There are so many grey areas. Once upon a time, before the internet and video and instant messaging, there was only boldness to an affair. There was the action and reaction and nothing, really, in between.
Now the lines are so blurry. With things like video streaming of naked women doing strange things – like reading books or smoking marijuana or sexually pleasuring themselves. But he’s only watching, does this count? Apps like Tinder: is it untrustworthy to still have it on your phone when you’re in a relationship? What about the small but very significant step of moving from the intra-work messaging system to text messages and being Facebook friends?
It’s pretty clear: technology has changed infidelity.
I read an article in New York Magazine’s The Cut over the weekend posing the question: is porn cheating? This is not a new question.
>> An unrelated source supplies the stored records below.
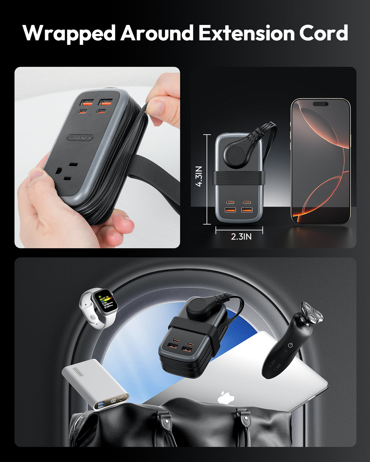 NTONPOWER GAN Ultra 65W USB Power Strip, 3 Outlets 2 USB-A 2 USB-C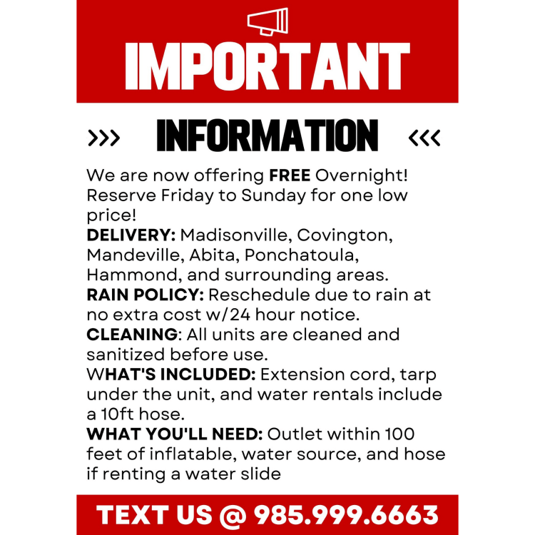 - Water source and water hose if renting a water slide
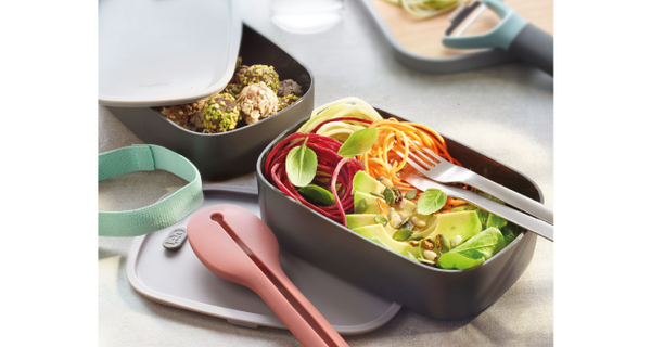 Набір складається з 2 контейнерів з кришками і з'єднувальної гумки. Контейнери виготовлені з якісного пластику, гумка- з силікону. В кришках контейнерів є спеціальні отвори для виходу пари, завдяки яким при використанні у мікрохвильовій печі знімати кришку не обов'язково. Місткість кожного контейнера - 0,8 л. Рекомендується тільки ручна мийка.

It’s been quietly whispered between girlfriends over long lunches and wine-filled dinners since the first Playboy was found under a boyfriend’s bed, and especially since the internet made volumes and volumes of porn so accessible.
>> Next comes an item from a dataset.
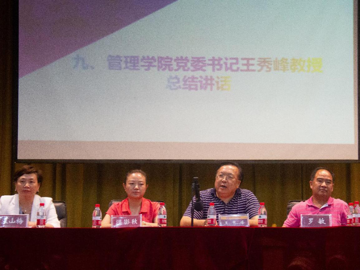 最后,管理学院党委书记王秀峰教授进行总结讲话。王书记向同学们出要求:学院和同学们在今后的工作学习过程中要做到‘高质量进来,高质量出去’的目标,响应国家号召,在今后相当长的一段时间内保持高质量发展;国家有四个自信,同学们老师们也要有自信,相信贵州大学,相信管理学院,也要相信自己。有了自信,再努力去认真做事,才能达到事半功倍的成果;要求同学们要树雄心,立壮志,不要荒废大学时光,努力全面提升综合素质,不断追求进步学习管理学科,锻炼自己社交能力与组织能力是十分重要的,无论遇到什么困难或挫折,要拿出十二分精力尽力努力应对和解决。王书记提出:管理学科在社会发展中越来越重要,学好管理学未来是十分有益的,社会也正越来越需要管理学专业的优秀人才,国家发展现代化主义强国,实现强起来、富起来的过程中,需要管理专业学子积极响应,努力建设,因此我们一定要有自信,在遵守基本的纪律法规,提高安全意识的基础上不断付诸努力。

When your boyfriend or girlfriend gets their rocks off to something else or someone else – even if they are not in the same room – does that consistent as cheating?
Not if it’s porn?
What about live cam? Where women (women are more popular on live cam than men) perform sex acts, pleasuring themselves on camera, and men or women can chat to them as they do it. Request certain things. Spanking. Sex toys. Reciting Shakespeare while touching herself? (Apparently it’s a thing).